▶ **Exercise aim**
Copy, exactly as written, the lines that begin at the one containing "The long cool" and end at the one containing "通过模块化软体微机器人制造方". Skip any pictures in the data below.

[Recorded data]
☆ ☆ ☆

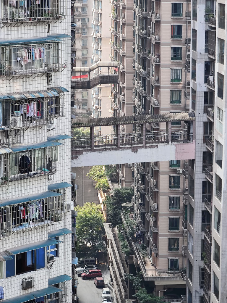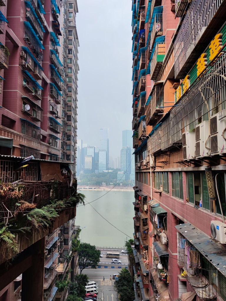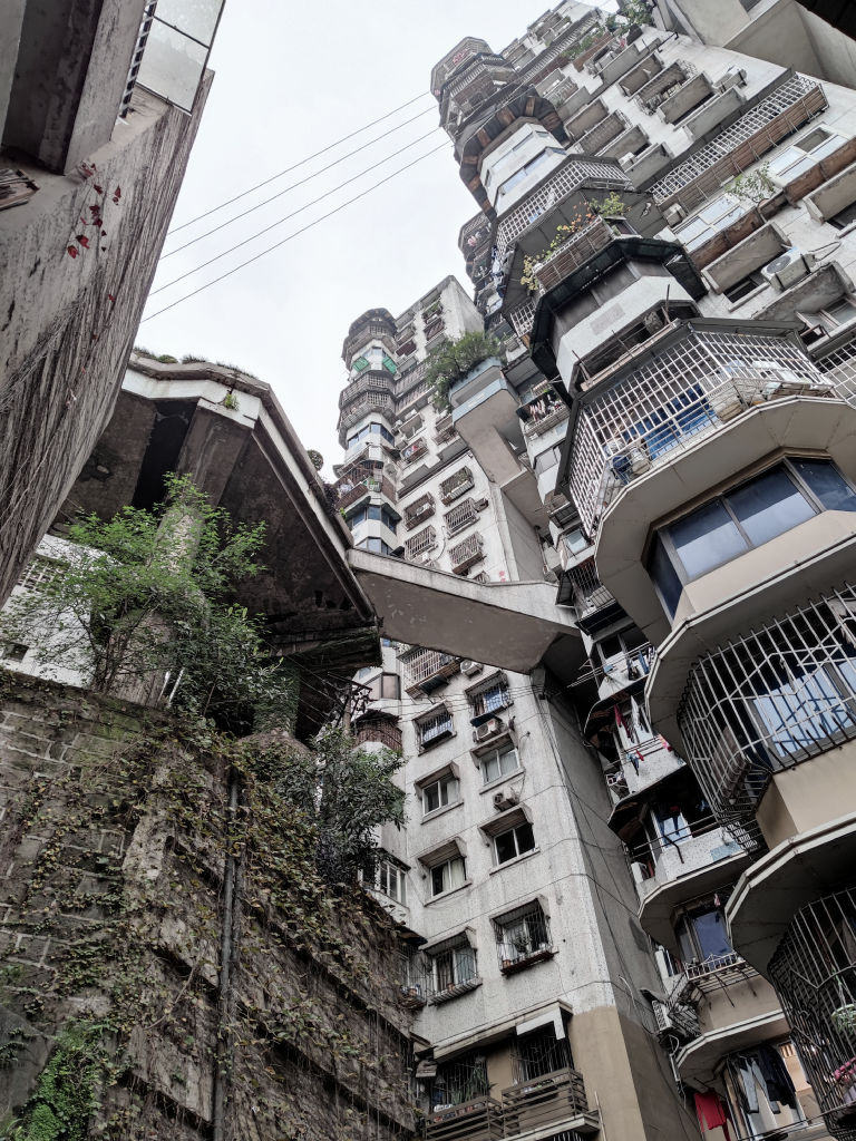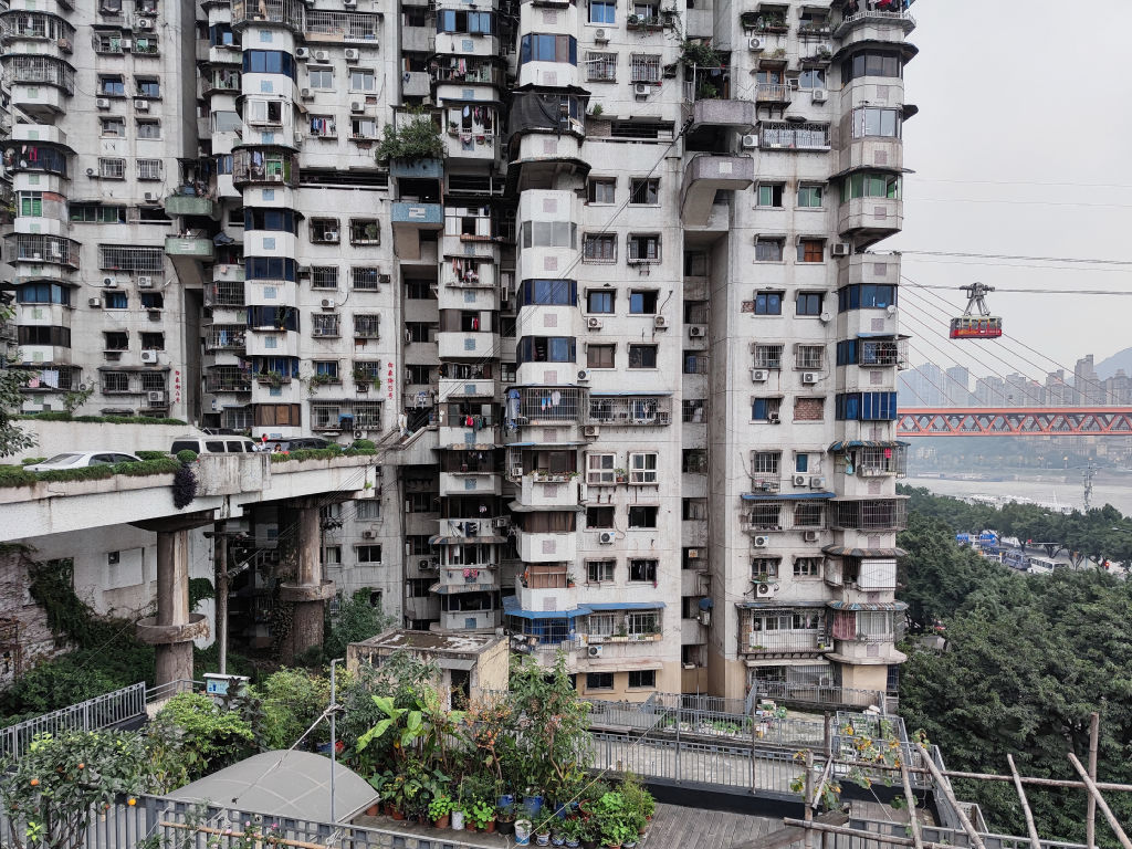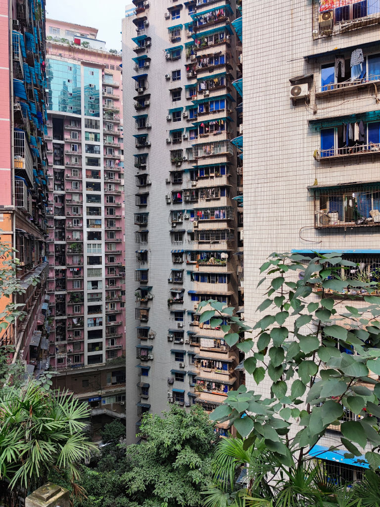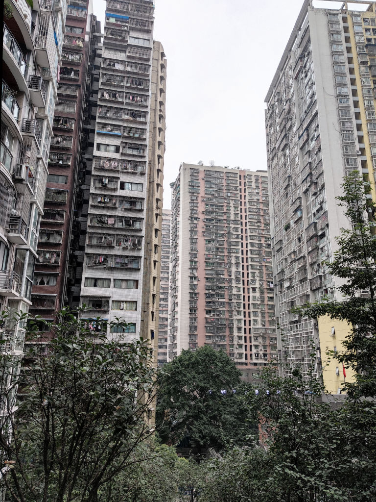 Ces grands ensembles rappellent une époque de Chongqing. Aux premiers abords, ces immeubles semblent tristes, surtout avec notre regard occidental, qui seraient surnommés de cages à lapins mais qui sont mieux acceptés en Chine. On peut imaginer que les personnes qui ont les balcons vue fleuve bleus ne se plaignent pas trop.
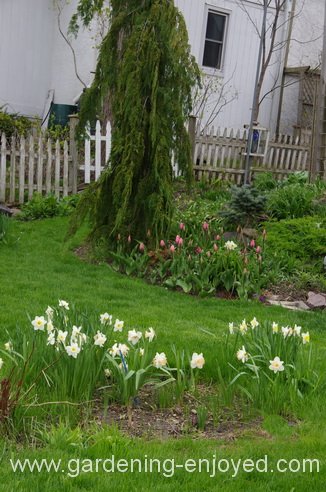 The long cool spring weather has made the hundreds of bulbs in the yard somewhat slow emerging but the upside is that they last a lot longer in the cool damp days. The Narcissus clump in the foreground is several years old and the Tulips by the evergreen, Chamaecyparis nootkatensis pendula, are new this year. The Assistant Gardener is happy with their longevity as they remind her of the drifts of Daffodils in U.K. of her youth.
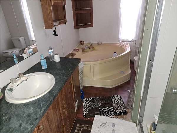 The interior features a living room with a fireplace, a separate dining room, and a functional laundry room. A front deck overlooks the acreage, offering a peaceful spot to relax and enjoy the surroundings. The master bedroom includes a garden tub and separate shower, creating the potential for a comfortable private retreat.
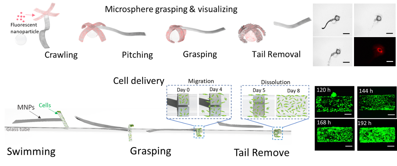 通过模块化软体微机器人制造方法,团队设计了经典的条状微机器人本体结构,并为其不同模块区域搭载了磁性纳米颗粒、造影剂(如微泡和荧光纳米颗粒)、功能性细胞、靶向药物等不同物质,使其能够兼具磁驱动、封闭空间显影反馈、靶向作业等性能。通过赋予微机器人本体不同模块特定的形变模式,使其能够感知生物活体环境中变化的体液离子浓度与pH值,发生局部区域同轴、异轴形变并通过磁驱动模仿毛虫蠕动、鱼类摆尾,实现运输、投递、移植、回收、降解等多序列复杂任务,有望在未来个性化靶向医疗中大展拳脚。
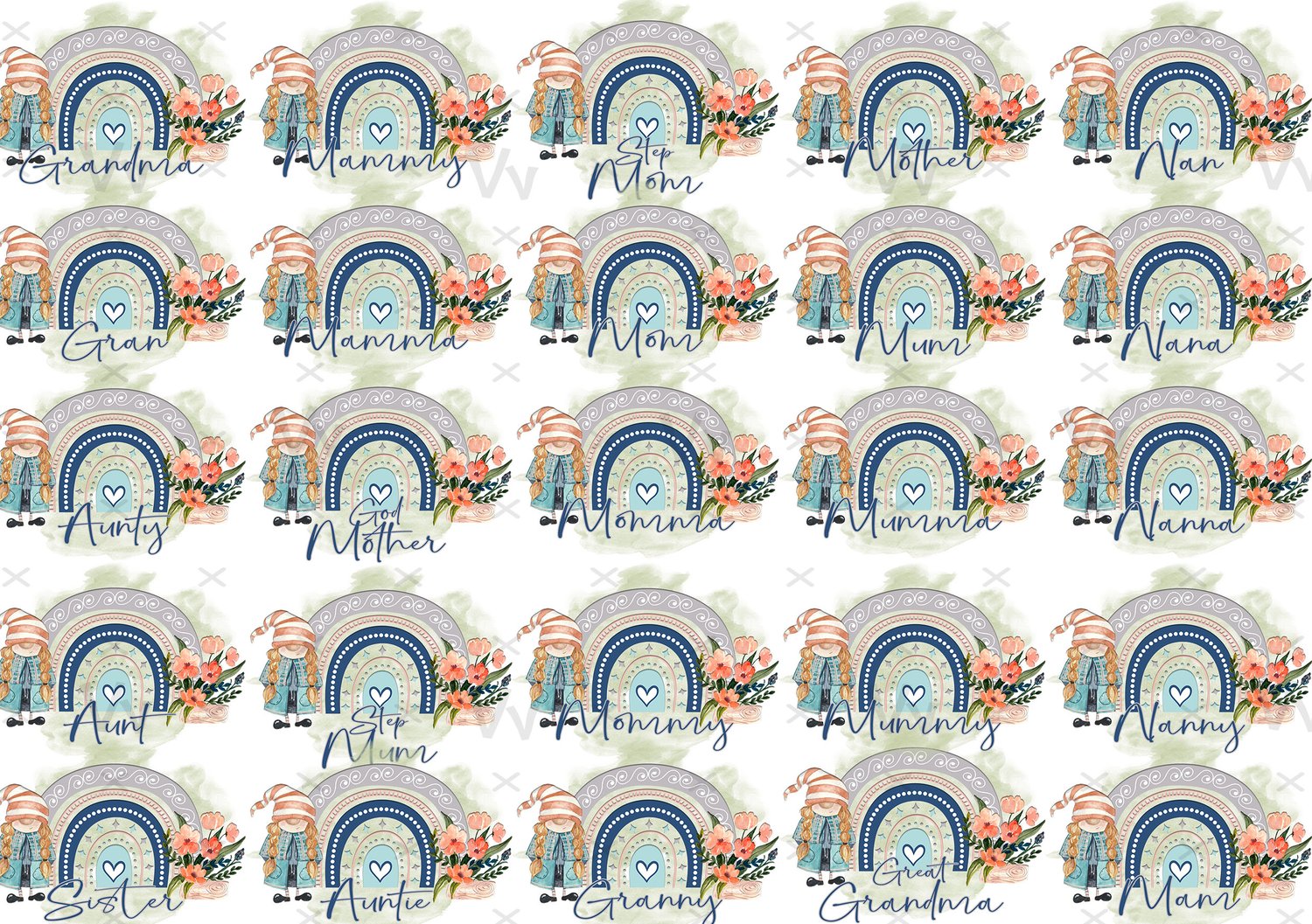25x Names (Aunt, Aunty, Auntie, God Mother, Gran, Grandma, Granny, Great Grandma, Ma, Madre, Mama, Mam, Mamma, Mammy, Mom, Momma, Mommy, Mum, Mumma, Mummy, Nana, Nan, Nanna, Nanny, Sister)

☆ ☆ ☆

▶ **Answer section**
 The long cool spring weather has made the hundreds of bulbs in the yard somewhat slow emerging but the upside is that they last a lot longer in the cool damp days. The Narcissus clump in the foreground is several years old and the Tulips by the evergreen, Chamaecyparis nootkatensis pendula, are new this year. The Assistant Gardener is happy with their longevity as they remind her of the drifts of Daffodils in U.K. of her youth.
 The interior features a living room with a fireplace, a separate dining room, and a functional laundry room. A front deck overlooks the acreage, offering a peaceful spot to relax and enjoy the surroundings. The master bedroom includes a garden tub and separate shower, creating the potential for a comfortable private retreat.
 通过模块化软体微机器人制造方法,团队设计了经典的条状微机器人本体结构,并为其不同模块区域搭载了磁性纳米颗粒、造影剂(如微泡和荧光纳米颗粒)、功能性细胞、靶向药物等不同物质,使其能够兼具磁驱动、封闭空间显影反馈、靶向作业等性能。通过赋予微机器人本体不同模块特定的形变模式,使其能够感知生物活体环境中变化的体液离子浓度与pH值,发生局部区域同轴、异轴形变并通过磁驱动模仿毛虫蠕动、鱼类摆尾,实现运输、投递、移植、回收、降解等多序列复杂任务,有望在未来个性化靶向医疗中大展拳脚。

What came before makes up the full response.